Last, but not least, each data link has its underlying physical layer. It is responsible for how bits are encoded and transmitted as electrical or optical signals or electromagnetic waves.

The technology used limits both the bandwidth and the latency of a network, two performance metrics that are used to characterize networks.

Bandwidth

The network bandwidth of a technology determines how much data can be transferred at any given time via a network connection. It is the theoretical maximum transfer rate (aka data rate) and is measured in bits/s.

The following table shows some examples of Ethernet physical layer implementations, such as 1000BASE-T or 10GBASE-T. Their main difference is the maximum data rate. Both use RJ45 connectors and four twisted pairs per cable. However, 1000BASE-T requires at least Category 5 (CAT5e) cables, while 10GBASE-T requires at least CAT6A twisted pair cabling.

Note

Take a close look at a Ethernet network cable. You will likely find text written on it, which will identify it as CAT5 or CAT6 cable.

RJ-45 connector of an Ethernet cable

CAT6 label on Ethernet cable

A downside of copper cables is that the longer they get, the better they have to be shielded against electromagnetic interference. This limits their range. Typically fiber solutions can be used for longer distances, but use more delicate and more expensive cables.

Technology	Bandwidth
Ethernet (copper) 1000BASE-T	1 Gbit/s
Ethernet (copper) 10GBASE-T	10 Gbit/s
Ethernet (fiber) 10GBASE-SR	10 Gbit/s
Ethernet (fiber) 10GBASE-SR4	40 Gbit/s
InfiniBand EDR	100 Gbit/s
WiFi 802.11g	56 Mbit/s
WiFi 802.11n	600 Mbit/s
WiFi 802.11ac	1.3 Gbit/s
4G LTE	300 Mbit/s
5G mmWave	1.8Gbit/s

Latency

Another key characteristic of a network is its latency. The latency is the time it takes for any transmission go from its source to its destination. This time is dependent on multiple factors.

1. Each technology encodes bits into signals. This process takes time and depending on the technology, additional information might be sent to allow error correction.

2. Once encoded, the signal must travel through a medium at a fraction of the speed of light (<299,792,458 m/s). Depending on the distance and medium, this adds a specific delay to the transmission. It takes less time for signals to travel from one computer to another if they are located in the same data center vs if they are geographically separated.
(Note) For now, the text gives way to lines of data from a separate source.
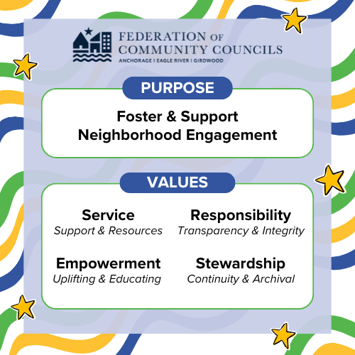 Federation of Community Councils, Inc. is a non-profit organization whose Board is made up of the representatives of each of Anchorage’s Community Councils.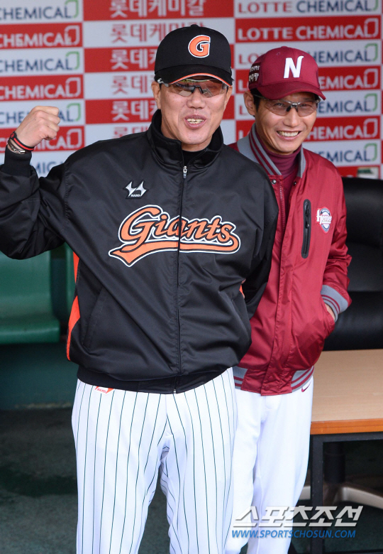 2014 프로야구 롯데자이언츠와 넥센히어로즈의 경기가 14일 부산사직야구장에서 열렸다. 경기전 넥센 염경엽 감독이 롯데 김시진 감독을 찾아 인사를 하고 있다. 부산=최문영 기자 deer@sportschosun.com /2014.10.14/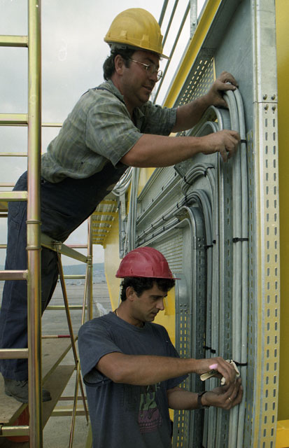 Molo VII, gru posa in opera, operai, lavoro, ferrovia, treno, container.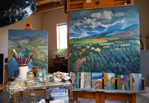 Llano Quemado Studio this morning – finished paintings and works in progress. |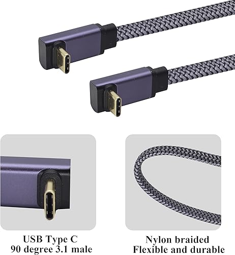 Size:Length (60CM/24 inch)Colour:(Black+gray) Package Quantity:(1pack) Material: plastic & metal USB type C 3.1 connector+Nylon braided outer layer, Connector: Up&Down angled 90 degree USB 3.1 Type C male to Up&Down angled 90 degree USB 3.1 Type C male Gen 2 (10Gbps) full function flat extension cable(3A)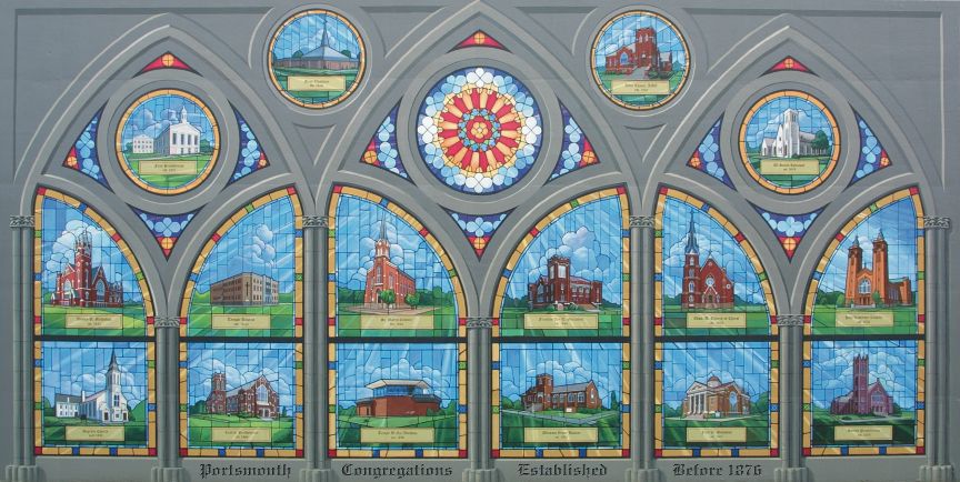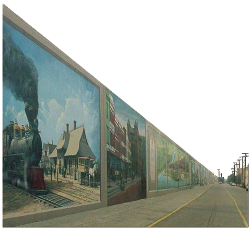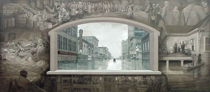 The planning stages of the Floodwall Mural Project began in 1992 with the formation of the Portsmouth Murals, Inc. The purpose of the project is to depict the history of the Portsmouth area, creating one of the world's single largest mural projects. The section of the floodwall included in the project is 20 feet high and extends for 2,200 feet along Front Street in downtown Portsmouth.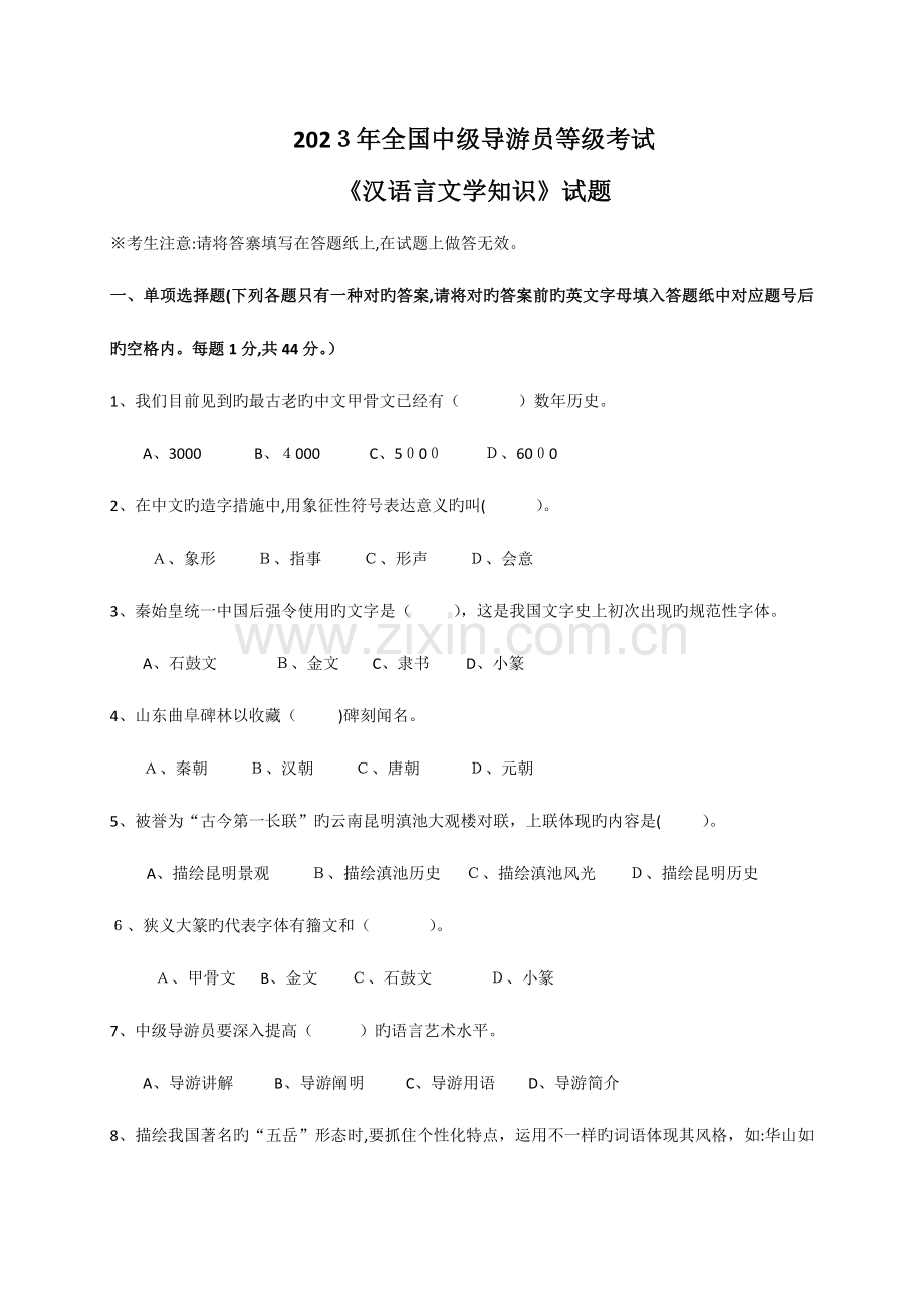2023年全国中级导游员等级考试

3. Finally, when the signals are received, they must be decoded, which again requires some time.

So in general, the latency of a point-to-point connection with a given technology will be the sum of these delays \(\Delta t\):

\[\text{latency} = \Delta t_\text{encoding} + \Delta t_\text{transmission} + \Delta t_\text{decoding}\]

However, rarely will a network connection be a point-to-point connection. Most systems will be part of a more complicated network topology. In the simplest case, this is when the connection consists of two parts. Data is received and re transmitted at a intermediate station between the source and the destination. Examples of this can be an Ethernet switch that connects two systems, or a cell tower that connects two mobile phones.

Signal must be re-transmitted to reach final destination

Signal must be re-transmitted twice before it reaches its destination

Each station that needs to be visited adds an additional transmission and the latency to initiate it. So the latency becomes the sum of all of these delays:

\[\text{latency} = \Delta t_\text{encoding} + \sum \Delta t_\text{transmission} + \sum \Delta t_\text{switch latency} + \Delta t_\text{decoding}\]

High latency is one of the factors that makes WiFi connections unsuitable for high-performance applications. Typical latencies are in milliseconds, while Ethernet has latencies in the 10s or 100s of microseconds. Specialized technologies such as Infiniband offer high bandwidth and low latency (less than 1 microsecond) compared to Ethernet.